··· DATASET EXTRACT

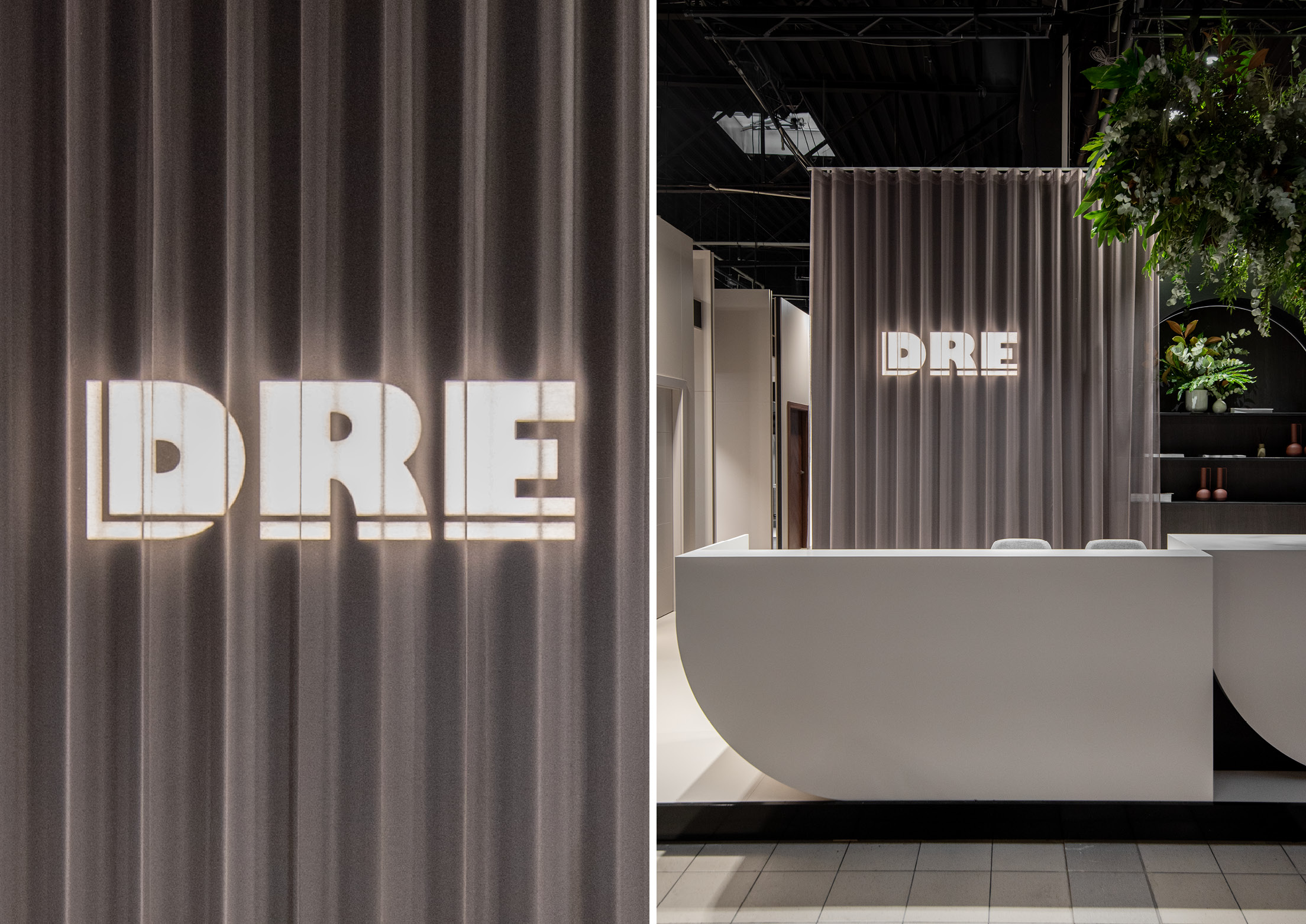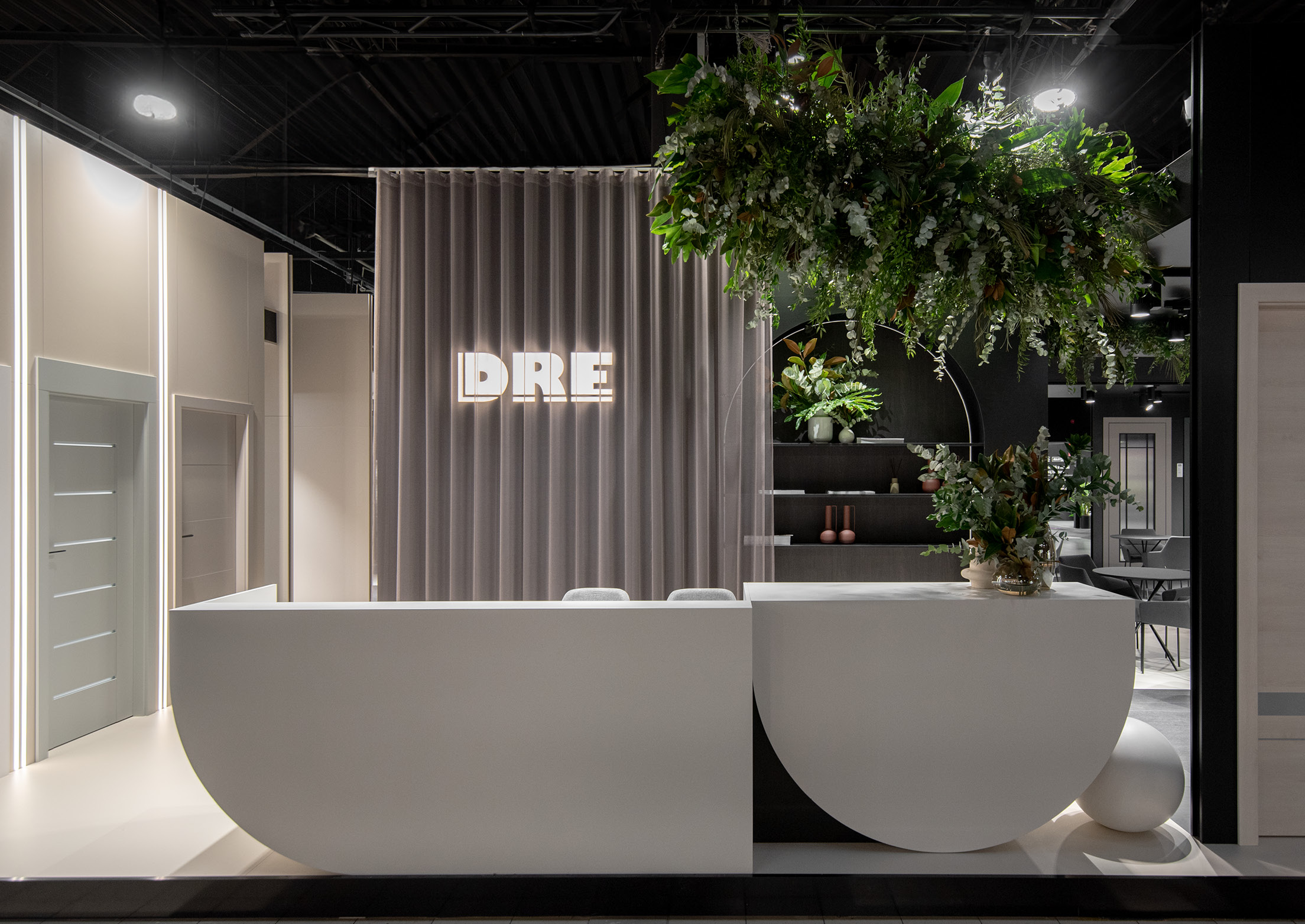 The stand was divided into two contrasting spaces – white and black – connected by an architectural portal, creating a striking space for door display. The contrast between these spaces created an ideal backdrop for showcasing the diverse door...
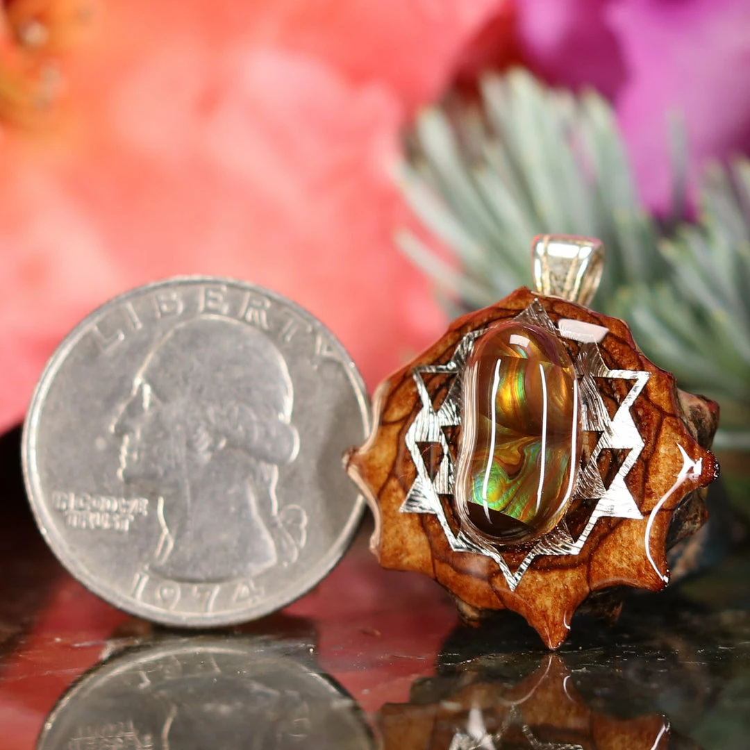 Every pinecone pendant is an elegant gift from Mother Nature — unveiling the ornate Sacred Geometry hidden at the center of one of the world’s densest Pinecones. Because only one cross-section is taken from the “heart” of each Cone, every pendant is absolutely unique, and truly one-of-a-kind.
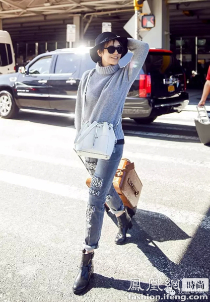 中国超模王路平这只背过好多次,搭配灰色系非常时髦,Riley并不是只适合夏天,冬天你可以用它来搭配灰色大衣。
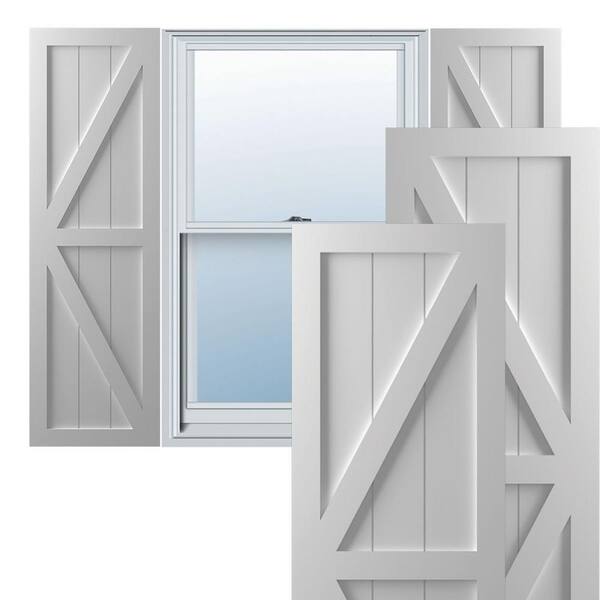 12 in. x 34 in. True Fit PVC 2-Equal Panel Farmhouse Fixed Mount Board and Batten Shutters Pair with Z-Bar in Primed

······

## TASK TO COMPLETE
I would like you to set down the lines above, from the one containing "中国超模王路平这只背过好多次" to the final line, exactly as written and without pictures.

## COMPLETED TASK
 中国超模王路平这只背过好多次,搭配灰色系非常时髦,Riley并不是只适合夏天,冬天你可以用它来搭配灰色大衣。
 12 in. x 34 in. True Fit PVC 2-Equal Panel Farmhouse Fixed Mount Board and Batten Shutters Pair with Z-Bar in Primed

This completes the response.